TEMPO.CO, Jakarta-Terduga teroris pembacok anggota Kepolisian Sektor Wonokromo, Surabaya, Imam Musthofa, mensurvei sejumlah lokasi sebelum melakukan penyerangan. Polisi mengatakan dia sempat berpura-pura melaporkan kehilangan untuk mengetahui kondisi di kantor polisi itu.
"Dia melakukan mapping ke beberapa sasaran," kata Kepala Biro Penerangan Masyarakat Divisi Humas Polri Brigadir Jenderal Dedi Prasetyo di kantornya, Jakarta, Senin, 19 Agustus 2019.
Dedi mengatakan Imam adalah lone wolf alias teroris yang tidak terafiliasi dengan jaringan teror. Imam mempelajari terorisme melalui video yang diakses di internet, salah satunya video pentolan teoris Aman Abdurrahman.
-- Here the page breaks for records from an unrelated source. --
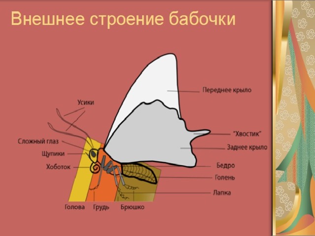 - Тело бабочек делится на три главных отдела: голову, грудь и брюшко.
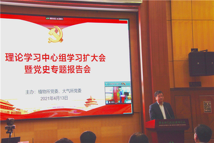 4月13日上午,大气所和植物所党委联合举办中心组学习扩大会暨党史专题报告会。大气所所长曹军骥带领中心组成员、纪委委员和党支部书记、委员等二十余人到植物所参加了报告会。报告会由植物所党委书记赵千钧主持。
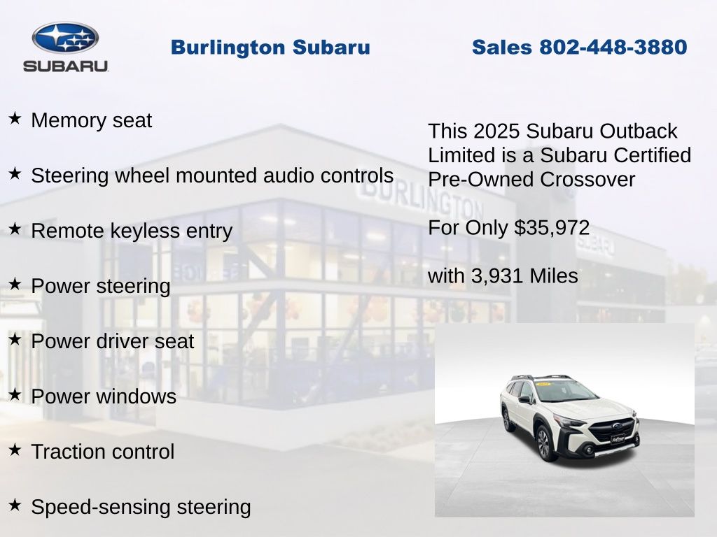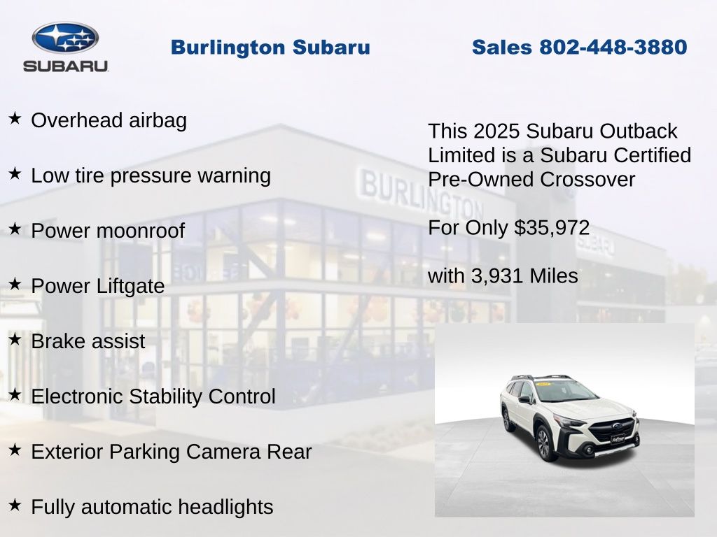 CARFAX One-Owner. Clean CARFAX. Subaru Outback Limited 2025 Certified. 4-Wheel Disc Brakes, ABS brakes, Air Conditioning, Alloy wheels, AM/FM radio: SiriusXM with 360L, Apple CarPlay & Android Auto, Auto High-beam Headlights, Auto-dimming Rear-View mirror, Automatic temperature control, Brake assist, Compass, Driver vanity mirror, Dual front impact airbags, Dual front side impact airbags, Electronic Stability Control, Emergency communication system: MySubaru Safety (3-year free trial), Exterior Parking Camera Rear, Four wheel independent suspension, Front dual zone A/C, Front fog lights, Front reading lights, Fully automatic headlights, Garage door transmitter: HomeLink, Heated door mirrors, Heated Front Bucket Seats, Heated steering wheel, HVAC memory, Illuminated entry, Knee airbag, Leather Shift Knob, Leather steering wheel, Low tire pressure warning, Memory seat, Navigation system: TomTom Navigation w/what3words, Occupant sensing airbag, Outside temperature display, Overhead airbag, Panic alarm, Passenger vanity mirror, Perforated Leather-Trimmed Upholstery, Power driver seat, Power Liftgate, Power moonroof, Power passenger seat, Power steering, Power windows, Radio: Subaru 11.6" Multimedia System w/Navigation, Rear window defroster, Rear window wiper, Remote keyless entry, Speed control, Speed-sensing steering, Split folding rear seat, Steering wheel mounted audio controls, Tachometer, Telescoping steering wheel, Tilt steering wheel, Traction control, Trip computer, Turn signal indicator mirrors, Variably intermittent wipers. Odometer is 3080 miles below market average!

Sebelum melakukan aksinya, Imam berkeliling mencari calon sasaran. Dia mengamati keberadaan polisi lalu lintas dan sejumlah Polsek. Ia diduga sempat memilih perayaan 17 Agustus di Gedung Grahadi, Surabaya. Namun, ia mengurungkan niat karena penjagaan yang ketat.
Di Polsek Wonokromo, Imam datang sebanyak dua kali. Sehari sebelumnya, ia berpura-berpura melaporkan suatu kasus hanya untuk mengetahui kondisi di dalam Polsek itu. Ia diduga sengaja tak membawa identitas, sehingga keesokan harinya mesti kembali ke kantor itu.
Setelah melakukan survei, Dedi mengatakan Imam pergi ke pasar. Dia membeli pisau, celurit, ketapel dan kelereng. Esok harinya, ia kembali ke Polsek pura-pura melaporkan kehilangan. Sekitar pukul 17.00 WIB, Imam melakukan pembacokan kepada dua petugas jaga. Serangan itu membuat kedua polisi terluka. Sementara, Imam ditangkap dalam keadaan hidup.